# Propane Tanks



## hoverfly (Mar 9, 2013)

I looking into purchasing my own 100 to 120 gal tanks, the big 400 pound ones. If I run my pellet stove it is unlikely that I will make the dealers minimum usage requirement. Therefore I am looking into buying my own tanks. I have looked around, but short of asking the dealers themselves. Does anyone know where there is one around the NH Sea Coast?


----------



## smoke show (Mar 9, 2013)

craigslist?

around here we just pay the going rate, no minimums or contracts required when u own ur own tank.

I have a 500 gal and purchase 400 gals every spring. last spring was $.89/gal. pellets were more $$ per btu.


----------



## daffonce (Mar 9, 2013)

I found em on craigslist. But they were ~$600 for a 100 gallon tank. Propane here was $2.39 here last I checked wish it was $.89.


----------



## mik_kane (Mar 9, 2013)

Did you check Lowes or Home Depot?

http://www.lowes.com/pd_28370-743-3...rentURL=?Ns=p_product_avg_rating|1&facetInfo=


----------



## imacman (Mar 9, 2013)

I've seen them for sale in PA, but those are the ASME grade tanks...pretty expensive at $1000.​ 
Other than that, there are liability issues w/ a company filling a tank they don't own, I'm guessing.​


----------



## smoke show (Mar 9, 2013)

http://nh.craigslist.org/for/3602850123.html


----------



## smoke show (Mar 9, 2013)

imacman said:


> Other than that, there are liability issues w/ a company filling a tank they don't own, I'm guessing.​


all the LP companies around here gladly fill tanks that aren't theirs. My tank is dated 1953 and has never been a prob.
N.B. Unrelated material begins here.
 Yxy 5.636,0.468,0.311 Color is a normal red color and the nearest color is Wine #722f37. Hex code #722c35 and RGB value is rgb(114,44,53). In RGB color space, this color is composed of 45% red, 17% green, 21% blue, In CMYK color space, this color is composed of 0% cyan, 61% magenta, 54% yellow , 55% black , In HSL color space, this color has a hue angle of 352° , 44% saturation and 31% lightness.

maybe laws and codes are different regionally?


----------



## nailed_nailer (Mar 9, 2013)

Buddy of mine bought one that he cut up for his bio-diesel system.
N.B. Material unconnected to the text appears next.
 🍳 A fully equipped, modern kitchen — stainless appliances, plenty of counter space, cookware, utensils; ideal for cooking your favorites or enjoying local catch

He got it at Home Depot in Rhode Island. 
IIRC it was >$200

Not exactly sure what he used the tank for but I know the plan was to section it up.
---Nailer---


----------



## DonD (Mar 9, 2013)

Why even get such a big tank if you are not meeting the minimum yearly usage?

I currently have that same size tank but only use 50 gal or less per year. I got it before they started changing rent. Usually now I just make minimum usage or can talk them out of the rental fee. Finally I decided to ditch them and their $4/gal propane and $92 yearly rental. Instead of a 100 gal tank though I'm going to get 2 @ 100 lb tanks for about $100 each and bring them in for refilling. Shouldn't be more than 1 or 2 trips per year and pickup has to be cheaper than delivery.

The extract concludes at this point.